Era un sabato vivace e stranamente caldo per essere metà Novembre. Le vie di Hogsmeade brulicavano di giovani e studenti, riconoscibili dal mantello della scuola, e per i locali e i negozi c’era un allegro via vai di gente. Guardandoli adesso non si sarebbe potuta immaginare la devastazione che, solo pochi mesi prima, aveva toccato quel villaggio e il castello che lo sormontava, epicentro di una guerra che aveva messo i maghi di fronte alle atrocità di cui erano capaci.
Hermione Granger passeggiava per il sentiero che partiva dalla scuola e pensava a come le erano apparse quelle stesse strade durante la Guerra: il villaggio era deserto, i negozi barricati e su tutto sembrava aleggiare un senso di disperazione e morte. Ma ciò che l’aveva più colpita era stato il silenzio, un silenzio carico di rassegnazione e sospetto, il silenzio sgomento e incredulo che era calato quando aveva visto precipitare dalla Torre di Astronomia l’ultimo appiglio alla sua infanzia. Ora il villaggio assomigliava di più alla sua Hosgmeade, quella su cui aveva fantasticato per tutta l’estate prima del terzo anno. L’aveva esplorato per la prima volta con Ron che le faceva da guida e non poteva credere di dover essere lui, per una volta, a doverle spiegare le cose.
Hermione sorrise al ricordo. È vero, somigliava alla sua Hogsmeade ma non lo era, non lo sarebbe stata più, non dopo tutto quello che avevano perso: l’ingenuità, i sorrisi spensierati, quella convinzione, tipica degli adolescenti, che in modo o nell’altro tutto sarebbe andato bene. Non che Hermione avesse qualcosa di cui lamentarsi, Harry aveva sconfitto Voldemort, avevano vinto la Guerra e tutti si sforzavano di tornare a una specie di normalità, per quanto la normalità, adesso, sembrasse l’unica cosa impossibile da raggiungere.
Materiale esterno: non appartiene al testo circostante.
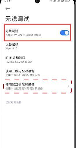 7、进入无限调试开关之后,打开开关,选择下面的使用配对码配对设备。
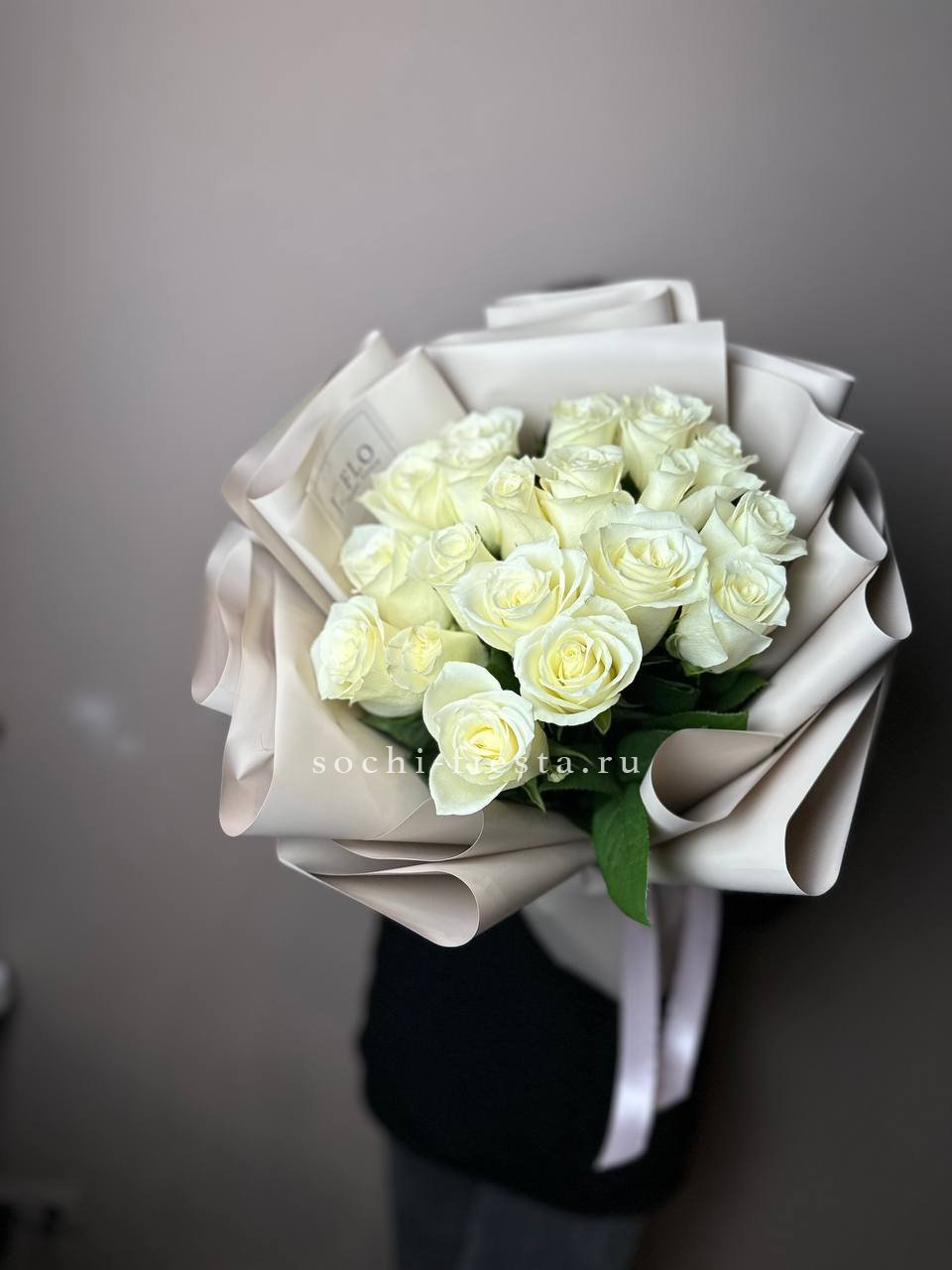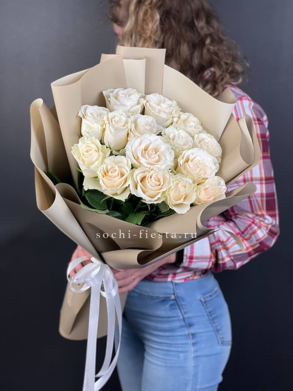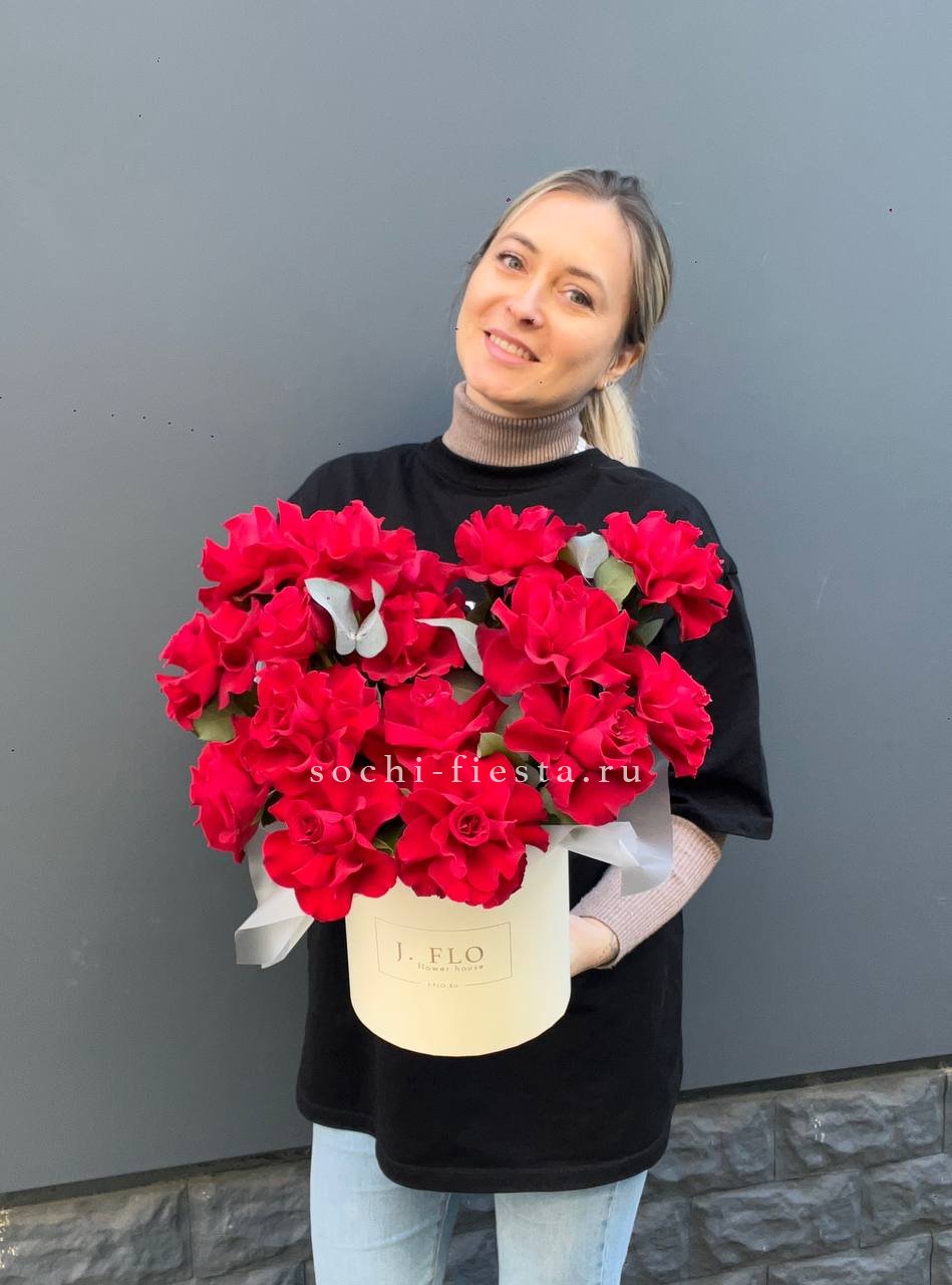 Пятнадцать роз на удлиненных стеблях выглядят графично и современно. Кремовые лепестки сохраняют свежесть и форму в течение долгого времени.

Scosse la testa per allontanare quei pensieri, si era ripromessa una giornata serena, nonostante tutto. Avrebbe dovuto raggiungere Harry ai Tre Manici di Scopa, per una burrobirra e un po’ di chiacchiere. Ginny era uscita presto quella mattina, dicendo di non voler sprecare neanche un minuto di quelle ultime giornate di sole. In realtà non voleva sprecare neanche un minuto del tempo da passare con Harry e Hermione la capiva benissimo. Anche lei la settimana prima si era alzata di buon’ora e aveva ingurgitato la colazione per poi fiondarsi al pub dove l’aspettavano, Ron, il suo fidanzato (suonava ancora strano riferirsi a lui con questo termine, anche solo nella sua testa) e Harry, il suo migliore amico. Entrambi avevano deciso di non tornare a Hogwarts per concludere gli studi e lei sentiva la loro mancanza, ‘Soprattutto quella di Ron’ ammise a se stessa con un po’ di senso di colpa nei confronti di Harry. Era più che normale, si disse tentando di eliminare quell’imbarazzo inopportuno, lei voleva bene a Harry e di sicuro la sua permanenza a Hogwarts non era la stessa senza di lui, ma ci erano voluti anni a lei e a Ron per riuscire a essere chiari con l’altro, e soprattutto con se stessi, sui loro sentimenti, e adesso che finalmente avevano abbattuto quel muro di incomprensioni, omissioni e negazioni che si erano costruiti intorno dal loro terzo anno, era la distanza a separarli.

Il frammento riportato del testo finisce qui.